**REQUIRED ACTION**. No pictures go into the copy. Write out every line below exactly.

**PROVIDED DATA**.
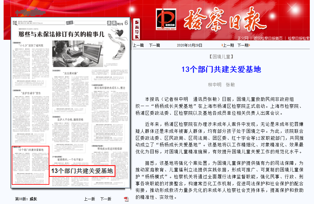 新修订的未成年人保护法10月17日经十三届全国人大常委会第二十二次会议表决通过,该法自2021年6月1日起施行。 【困境儿童】 13个部门共建关爱基地 日前,困境儿童救助民间非政府组织——“杨杨成长关爱基地”在上海市杨浦区检察院正式启动。上海市检察院、杨浦区委政法委、区检察院以及基地各成员单位相关负责人出席会议。 近年来,杨浦区检察院在办理涉未成年人案件中发现,无论是未成年犯罪嫌疑人群体还是未成年被害人群体,均有部分孩子处于困境之中。为此,该院联合区委政法委、区民政局、区司法局、团区委、红十字会等12家职能部门,共同推动成立了“杨杨成长关爱基地”。该基地将以工作精细化、对象精准化、效果最优化为目标,对困境儿童精准施策,有效提升困境儿童关爱工作的规范化水平。 据悉,该基地将强化个案处置,为困境儿童保护提供强有力的司法保障,为推动家庭教育、儿童福利立法提供实践依据,形成可推广、可复制的困境儿童保护“杨杨模式”。检察机关将通过全面履行法律监督职能,强化民事、行政、刑事各块职能的对接整合,构建常态化工作机制,促进司法保护和社会保护的配合衔接,推动形成救济力量多元化的未成年人检察社会支持体系,提高保护和救助的精准性、实效性。 新修订的未成年人保护法第43条 居民委员会、村民委员会应当设置专人专岗负责未成年人保护工作,协助政府有关部门宣传未成年人保护方面的法律法规,指导、帮助和监督未成年人的父母或者其他监护人依法履行监护职责,建立留守未成年人、困境未成年人的信息档案并给予关爱帮扶。 居民委员会、村民委员会应当协助政府有关部门监督未成年人委托照护情况,发现被委托人缺乏照护能力、怠于履行照护职责等情况,应当及时向政府有关部门报告,并告知未成年人的父母或者其他监护人,帮助、督促被委托人履行照护职责。 |
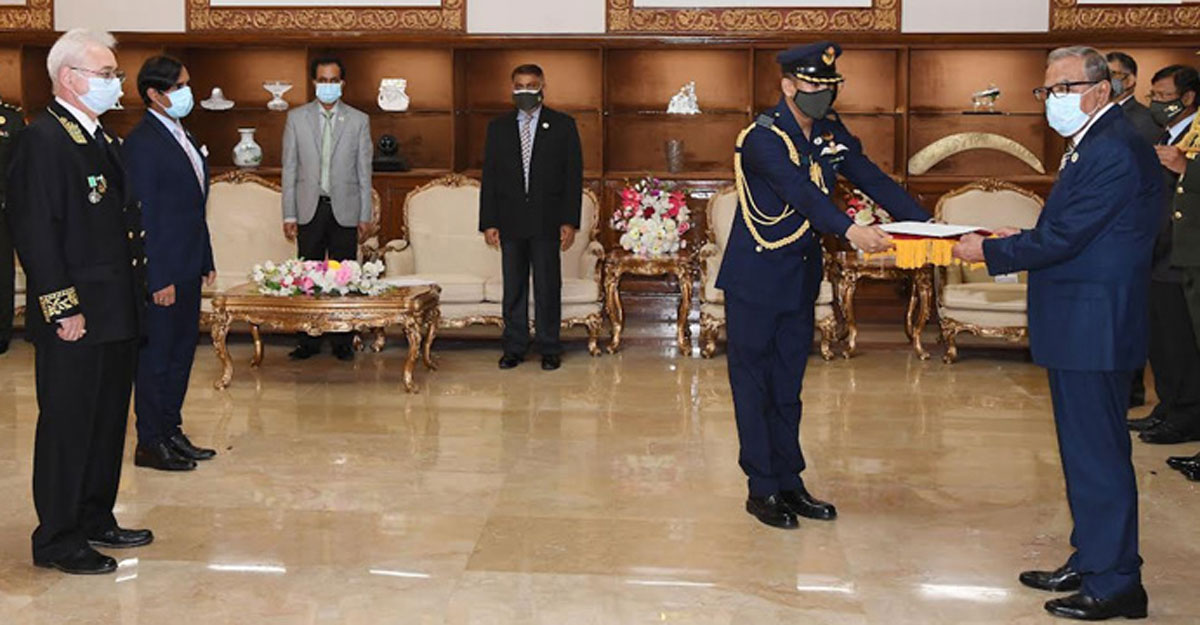 পররাষ্ট্র সচিব মাসুদ বিন মোমেন, রাষ্ট্রপতির কার্যালয়ের সচিব সম্পদ বড়ুয়া, সামরিক সচিব মেজর জেনারেল এস এম সালাহ উদ্দিন ইসলাম, প্রেস সচিব মো. জয়নাল আবেদীন ও সচিব (সংযুক্ত) মো. ওয়াহিদুল ইসলাম খান এ সময় উপস্থিত ছিলেন।
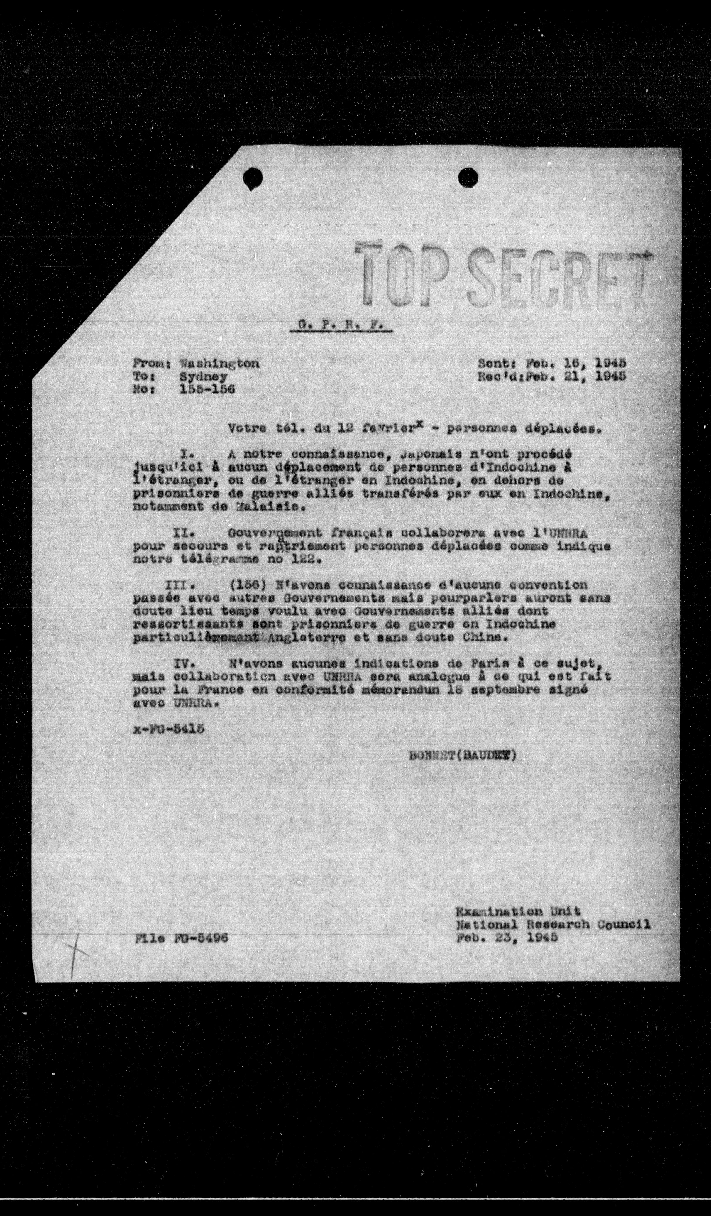 IV. N'avons aucune indication de Paris à ce sujet, mais collaboration avec UNRRA sera analogue à ce qui est fait pour la France en conformité mémorandum 18 septembre signé avec UNRRA.
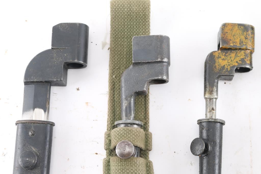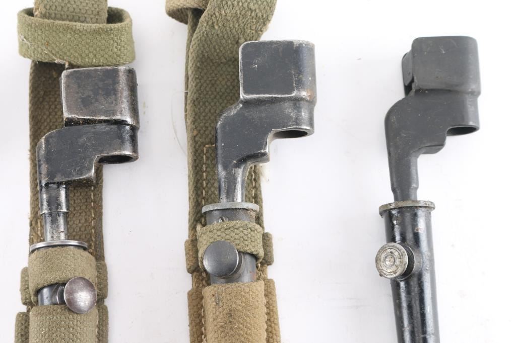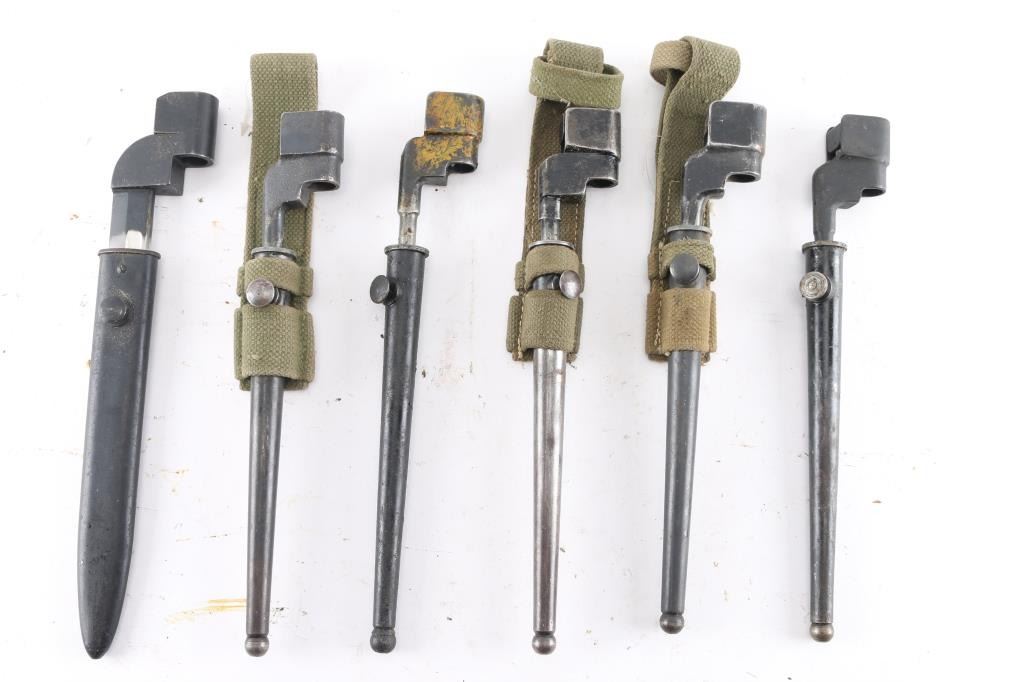 Six total. Includes 5 Enfield No.4 Spike bayonets with steel scabbards, 3 have green canvass frogs,and 1 No. 9 Mk I blade bayonet, dated 1954, serial number matched to scabbard. All the No. 4's have dried cosmoline from storage.

**EXERCISE RESPONSE**.
 新修订的未成年人保护法10月17日经十三届全国人大常委会第二十二次会议表决通过,该法自2021年6月1日起施行。 【困境儿童】 13个部门共建关爱基地 日前,困境儿童救助民间非政府组织——“杨杨成长关爱基地”在上海市杨浦区检察院正式启动。上海市检察院、杨浦区委政法委、区检察院以及基地各成员单位相关负责人出席会议。 近年来,杨浦区检察院在办理涉未成年人案件中发现,无论是未成年犯罪嫌疑人群体还是未成年被害人群体,均有部分孩子处于困境之中。为此,该院联合区委政法委、区民政局、区司法局、团区委、红十字会等12家职能部门,共同推动成立了“杨杨成长关爱基地”。该基地将以工作精细化、对象精准化、效果最优化为目标,对困境儿童精准施策,有效提升困境儿童关爱工作的规范化水平。 据悉,该基地将强化个案处置,为困境儿童保护提供强有力的司法保障,为推动家庭教育、儿童福利立法提供实践依据,形成可推广、可复制的困境儿童保护“杨杨模式”。检察机关将通过全面履行法律监督职能,强化民事、行政、刑事各块职能的对接整合,构建常态化工作机制,促进司法保护和社会保护的配合衔接,推动形成救济力量多元化的未成年人检察社会支持体系,提高保护和救助的精准性、实效性。 新修订的未成年人保护法第43条 居民委员会、村民委员会应当设置专人专岗负责未成年人保护工作,协助政府有关部门宣传未成年人保护方面的法律法规,指导、帮助和监督未成年人的父母或者其他监护人依法履行监护职责,建立留守未成年人、困境未成年人的信息档案并给予关爱帮扶。 居民委员会、村民委员会应当协助政府有关部门监督未成年人委托照护情况,发现被委托人缺乏照护能力、怠于履行照护职责等情况,应当及时向政府有关部门报告,并告知未成年人的父母或者其他监护人,帮助、督促被委托人履行照护职责。 |
 পররাষ্ট্র সচিব মাসুদ বিন মোমেন, রাষ্ট্রপতির কার্যালয়ের সচিব সম্পদ বড়ুয়া, সামরিক সচিব মেজর জেনারেল এস এম সালাহ উদ্দিন ইসলাম, প্রেস সচিব মো. জয়নাল আবেদীন ও সচিব (সংযুক্ত) মো. ওয়াহিদুল ইসলাম খান এ সময় উপস্থিত ছিলেন।
 IV. N'avons aucune indication de Paris à ce sujet, mais collaboration avec UNRRA sera analogue à ce qui est fait pour la France en conformité mémorandum 18 septembre signé avec UNRRA.
 Six total. Includes 5 Enfield No.4 Spike bayonets with steel scabbards, 3 have green canvass frogs,and 1 No. 9 Mk I blade bayonet, dated 1954, serial number matched to scabbard. All the No. 4's have dried cosmoline from storage.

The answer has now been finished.